> You can only flip in one direction, so the time taken to update is entirely dependent on the previous state. Worst case you'd need to display the previous character (B -> A for alphabetical order) and would have to flip through the entire alphabet to get to it.

This only applies if you have only one copy of each letter.

You can consider having more copies of frequent letters mixed into the stack, if the stack's thickness allows.

Wouldn't that only help with the average case, not the worst case? Either you have multiple copies of every character (in which case you're still flipping through the same number of characters as the original stack), or some characters don't have duplicates.

Suppose you are optimizing for the fastest average time to display a complete word/phrase. That means you will be limited by the slowest letter in each word. But the letters are flipping in parallel, which means you can use the time waiting for the slowest letter to move the other letters to an optimal display.

So have the alphabet ordered in descending frequency. But put a second block of the most common characters half-way through.
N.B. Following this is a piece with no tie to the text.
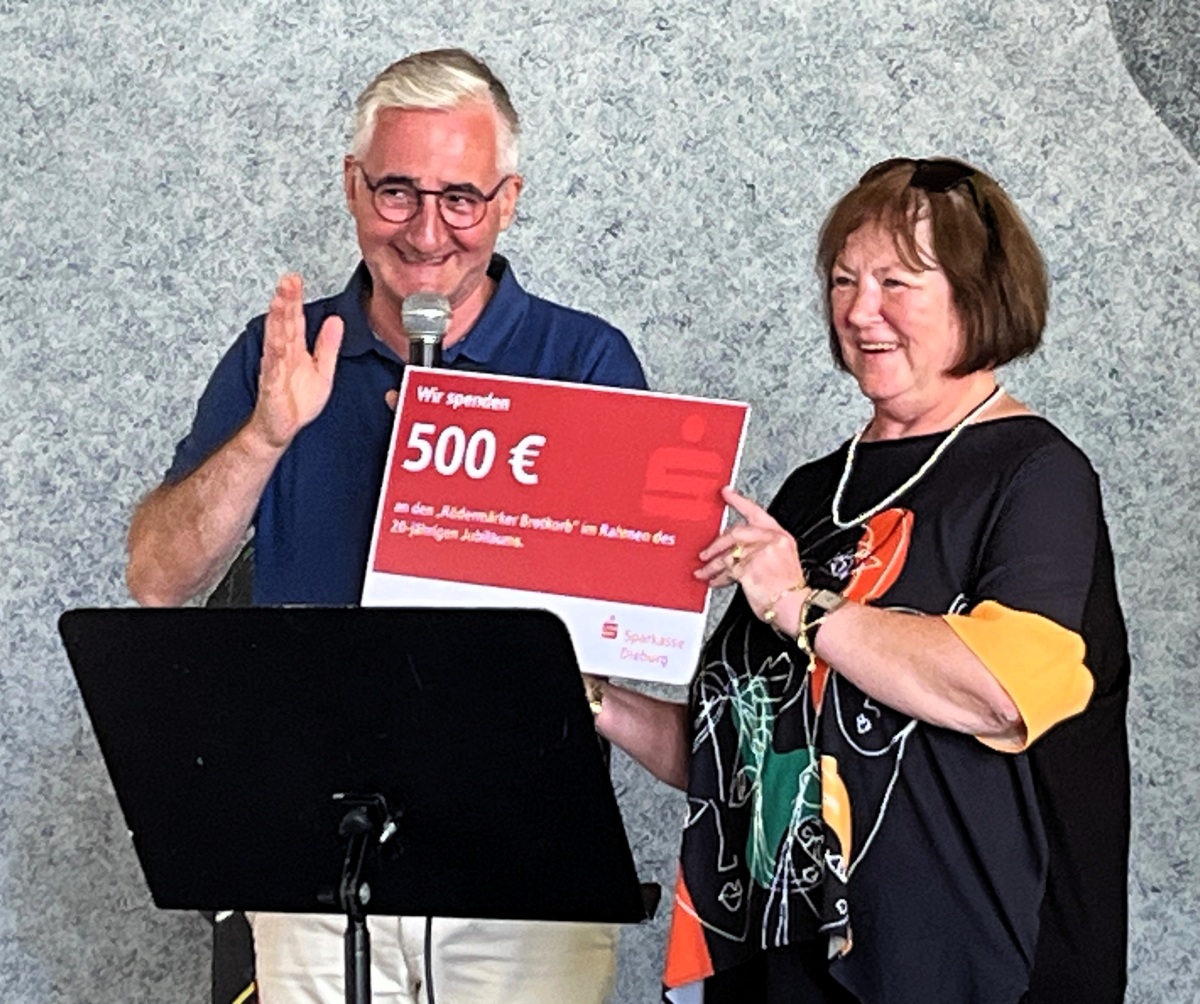 „Ohne den Brotkorb wäre die ganze Stadt ärmer, die Verwaltung wäre aufgeschmissen. Wir könnten das gar nicht stemmen“, sagte Bürgermeister Jörg Rotter. „20 Jahre Ehrenamt für die Gesellschaft, 20 Jahre konkrete Nächstenliebe – das ist wirklich ein starkes Stück Rödermark. Denjenigen, die so tatkräftig anpacken, die sich hier zusammenfinden und Gutes tun, gebührt Respekt und große Anerkennung. Zudem ist das bei uns in Rödermark gelebte Ökumene.“ Aus seinen Verfügungsmitteln der Sparkasse Dieburg stellte der Bürgermeister dem Brotkorb 500 Euro zur Verfügung. Als Major der Prinzlichen Hofgarde der TG-Karnevalisten kündigte er eine Spende von närrisch aufgerundeten 777 Euro aus dem Verkauf der Fastnachts-Pins während der diesjährigen Kampagne an.

For each word you first calculate the slowest letter, which gives you a 'budget' of how many flips you will take. Then each letter uses that budget to get to the optimal location of the character it needs to display, probably as early in the alphabet as possible.

If you know which word is being displayed _next_, you can also try to get into the best position to move to in preparation.

The ideal alphabet ordering might be different depending on position in the word -- for instance, some letters are more common at the start of a word. And you could think about digraphs, taking advantage of Q usually being followed by U.